On June 5, 2019, the Securities and Exchange Commission adopted a rulemaking package that is applicable to investment advisers and broker-dealers. The package includes two final rules and two interpretations — Regulation Best Interest, Investment Adviser Standard of Conduct Interpretation, Form CRS – Relationship Summary, and Solely Incidental Broker-Dealer Exclusion Interpretation. This is the fourth in a series of articles describing the SEC’s rulemaking package.
Section 202(a)(11)(C) of the Investment Advisers Act of 1940 excludes from the definition of “investment adviser” a broker-dealer who provides investment advice that is “solely incidental to the conduct of his business as a broker or dealer and who receives no special compensation.”

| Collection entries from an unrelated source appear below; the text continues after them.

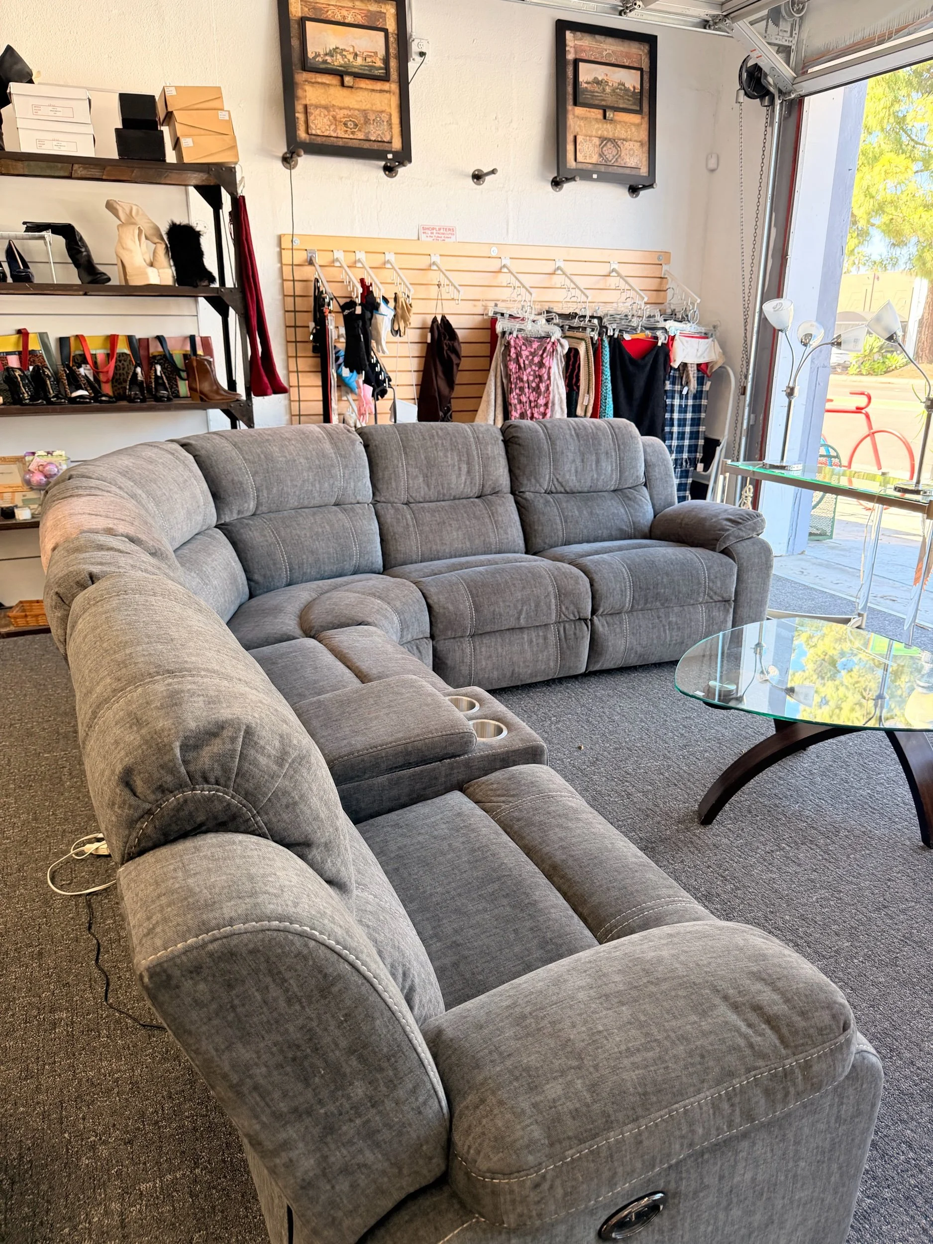 Super comfortable large sectional couch with built-in recliners and cupholders. Perfect for living rooms, movie nights, or family spaces.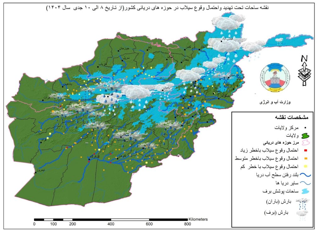 ریاست هواشناسی کشور و ارگانهای معتبر هواشناسی جهانی از احتمال بارش باران همراه با سیلاب های آنی در ساحات حوزه های ( هریرود، مرغآب، هلمند، شمال، پنج آمو، کابل و برخی سیلبرهای مربوطه هشدار داده است۰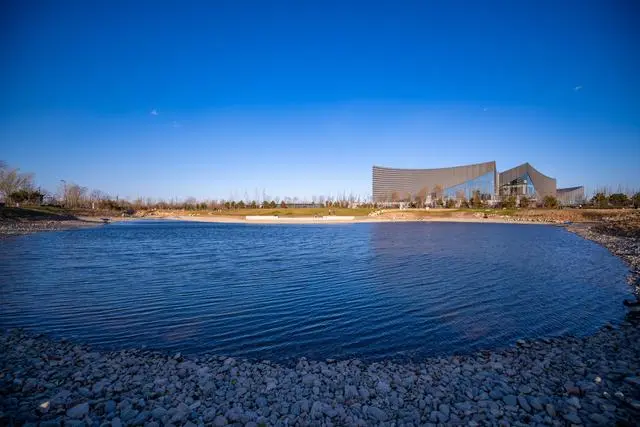 位于通州區的城市副中心三大文化建筑園區里,道路路面采用了透水鋪裝,綠化區域設置了比路面低5到10厘米的下凹式綠地或雨水花園,建筑物屋頂也設置了雨水截流設施。在北京藝術中心的西側,還有一個“生態湖”,也是園區里的海綿設施之一——調蓄水體。園區內道路、建筑物、綠地等處匯集的雨水,通過管道排入調蓄水體,既能滿足生態景觀需求,又能將節約下來的雨水資源用作園區綠化澆灌和消防取水點?!巴ㄟ^這些海綿設施,現在園區95%的雨水都可以就地消納?!备敝行娜笪幕ㄖ@區海綿項目設計師趙子晴說。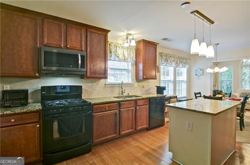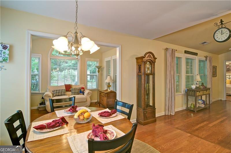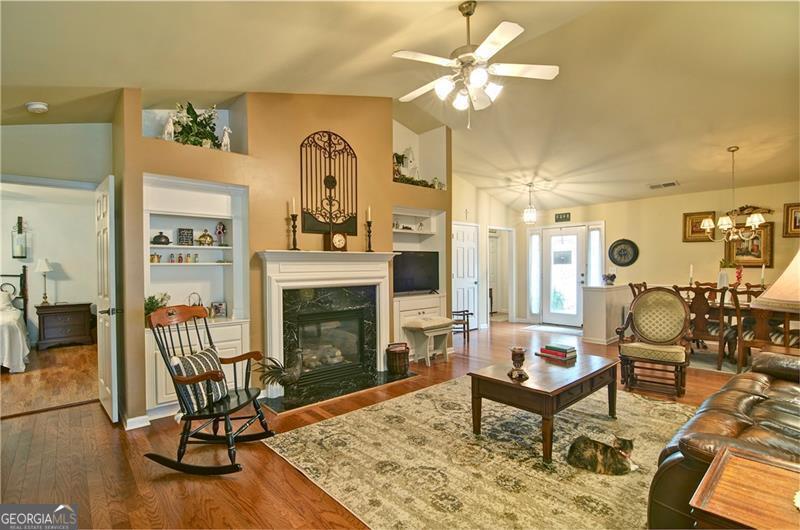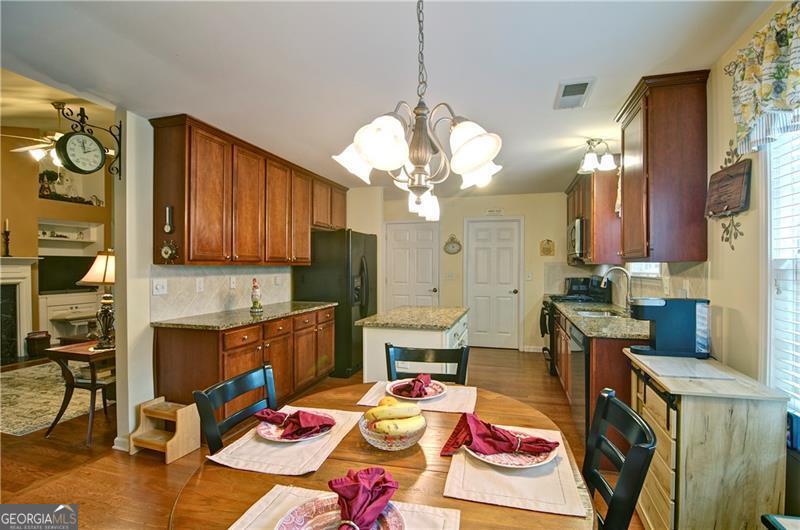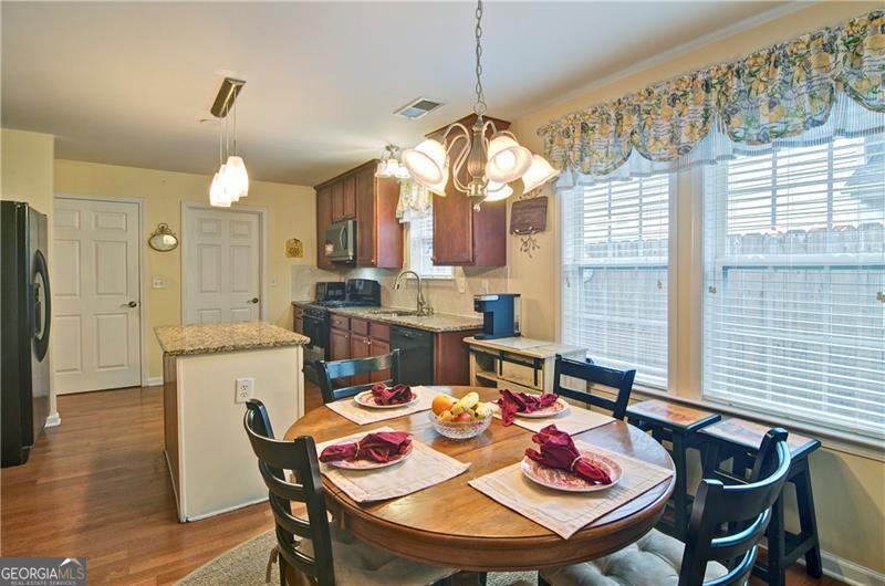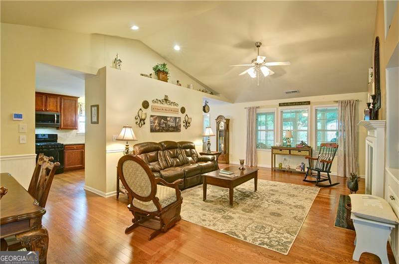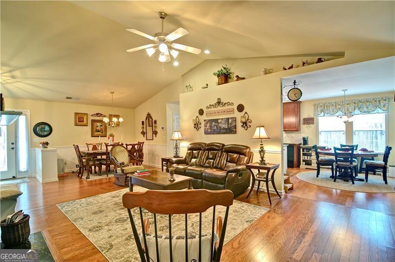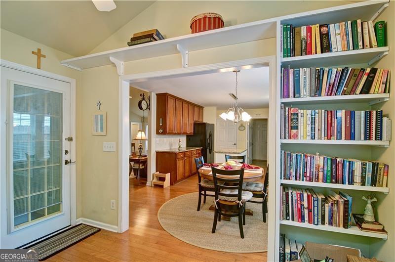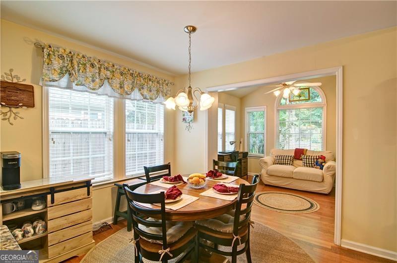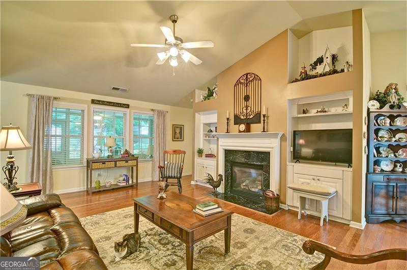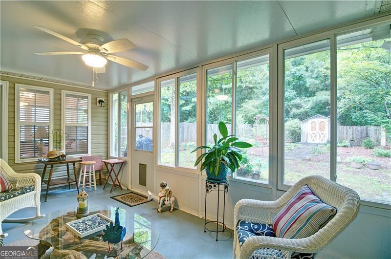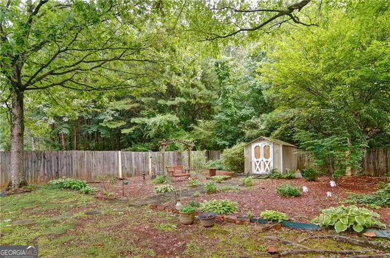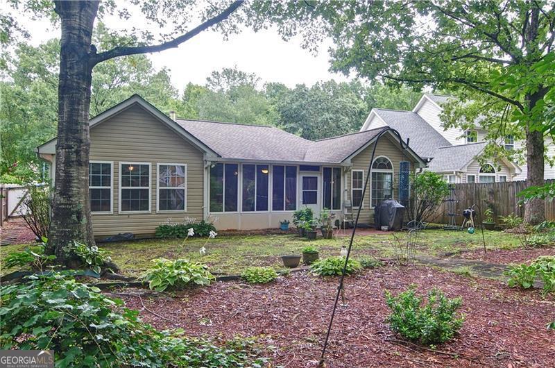 Welcome to 5178 Centennial Creek View - A Home That Truly Checks Every Box! Single-level living? Yes! Built-in bookshelves? Yes! Vaulted ceilings? Yes! Sunroom? Storage shed? Private, fenced yard that backs to peaceful woods? Yes, yes, and YES! If you've been searching for a home that feels like the one, look no further. From the moment you step inside, you're greeted by an EXPANSIVE, VAULTED GREAT ROOM that's equal parts warm and inviting. A cozy fireplace, flanked by built-in bookshelves offers the perfect backdrop for displaying your favorite books, collectibles, or family memories. Picture it now: twinkling holiday decorations, a charming winter village on one side, and a plate of cookies waiting for Santa on the other. Just off the great room is the dining area - perfect for everything from festive gatherings to casual weekday dinners. When you're not entertaining, it easily transforms into extra space for craft projects, homework help, or even a gift-wrapping station. The eat-in kitchen is ready for action! With generous GRANITE COUNTERTOPS, abundant cabinetry, and a STEP-IN PANTRY, there's room to cook, create, and celebrate - whether it's Thanksgiving for twelve, Sunday brunch with friends, or game night with the crew. Connected to the kitchen is a VAULTED KEEPING ROOM - a versatile nook that could be your next reading room, sewing space, or home office. With BUILT-IN BOOKSHELVES and a Palladian window overlooking the private backyard, it's the perfect spot to think, dream, or simply unwind. Step into the SUNROOM and imagine breezy afternoons with the windows open and the sounds of nature (but not the mosquitoes - thank you, screens!). It's an ideal space for morning coffee, evening chats, or a cozy indoor picnic when it's too rainy to grill outside. And speaking of outside - this FENCED-IN BACKYARD is a dream for both two- and four-legged family members. There's space to run, play, garden, swing, or simply soak in the serenity of the surrounding HOA-owned GREENSPACE. The STORAGE SHED keeps everything tidy and out of sight - from gardening tools to backyard toys. Inside, you'll find three comfortable bedrooms and two stylish bathrooms, both with charming SHIPLAP ACCENTS. The primary bath features updated luxury vinyl plank flooring, while the hall bath offers a playful yet classic black-and-white patterned tile. Peace of Mind Comes Standard You'll enjoy more than just beauty and charm - this home is being sold by the original owner and is well-maintained and move-in ready with * Low-maintenance vinyl siding * A 4-year-old roof * A 6-year-old HVAC system * New insulation installed just 3 years ago * New Garage Door & Opener * Refrigerator, Washer & Dryer included Plus, front yard maintenance is covered by the HOA - so if yard work isn't your thing, you're in luck. So Many Perks, Right in Your Neighborhood Living in Centennial Commons means access to amenities like a sparkling swimming pool, tennis courts, and a fitness center at the clubhouse. It's an easy way to stay active and connected without ever leaving your community. Conveniently Tucked Away Yet Close to Everything Situated at the back of the neighborhood for added peace and privacy, you're still just * 3 miles from I-75 and Express Lane access * 2.5 miles to Publix * A short drive to shopping, restaurants, and entertainment in Acworth, Woodstock, and along Cobb Parkway. Friday night plans? Skip the traffic and take your pick * Stroll Downtown Woodstock * Ice cream in Downtown Acworth * Playground visit at Logan Farm Park * A bike ride on Noonday Creek Trail * A beach day at Acworth Beach * Camping at Payne Campground * Boating on Lake Allatoona * Tee time at Cobblestone Golf Club. With style, space, and a setting that's hard to beat, 5178 Centennial Creek View is more than a house - it's a place to live, laugh, and make memories. Schedule your tour today and get ready to fall in love!

As summarized by the SEC, this language illustrates that Congress knew when it passed the Advisers Act that it is not uncommon for broker-dealers to provide investment advice in the course of their business. Congress also acknowledged that the provision of such limited advisory services by broker-dealers should not (generally) subject them to regulation under the Advisers Act.
As the financial services industry has evolved, application of this exclusion has become more difficult to interpret. This uncertainty was confirmed by comments the SEC received during the rulemaking process. Thus, the SEC issued this interpretation to confirm and clarify when a broker-dealer’s performance of advisory activities causes it to become an investment adviser under the Advisers Act.
As a starting point, the SEC explains in the interpretation that “whether advisory services provided by a broker-dealer satisfy the solely incidental prong is assessed based on the facts and circumstances surrounding the broker-dealer’s business, the specific services offered, and the relationship between the broker-dealer and the customer.”
In general, a broker-dealer’s advice about the value and characteristics of securities or the advisability of transacting in securities falls within the “solely incidental” exclusion “if the advice is provided in connection with and is reasonably related to the broker-dealer’s primary business of effecting securities transactions.” While the determination is based on a facts-and-circumstances analysis, the interpretation provides guidance regarding the application of the exclusion in the context of exercising investment discretion over customer accounts and account monitoring.
In the past, the SEC has cautioned that a broker-dealer’s exercise of investment discretion over customer accounts may not be “solely incidental” to the brokerage business.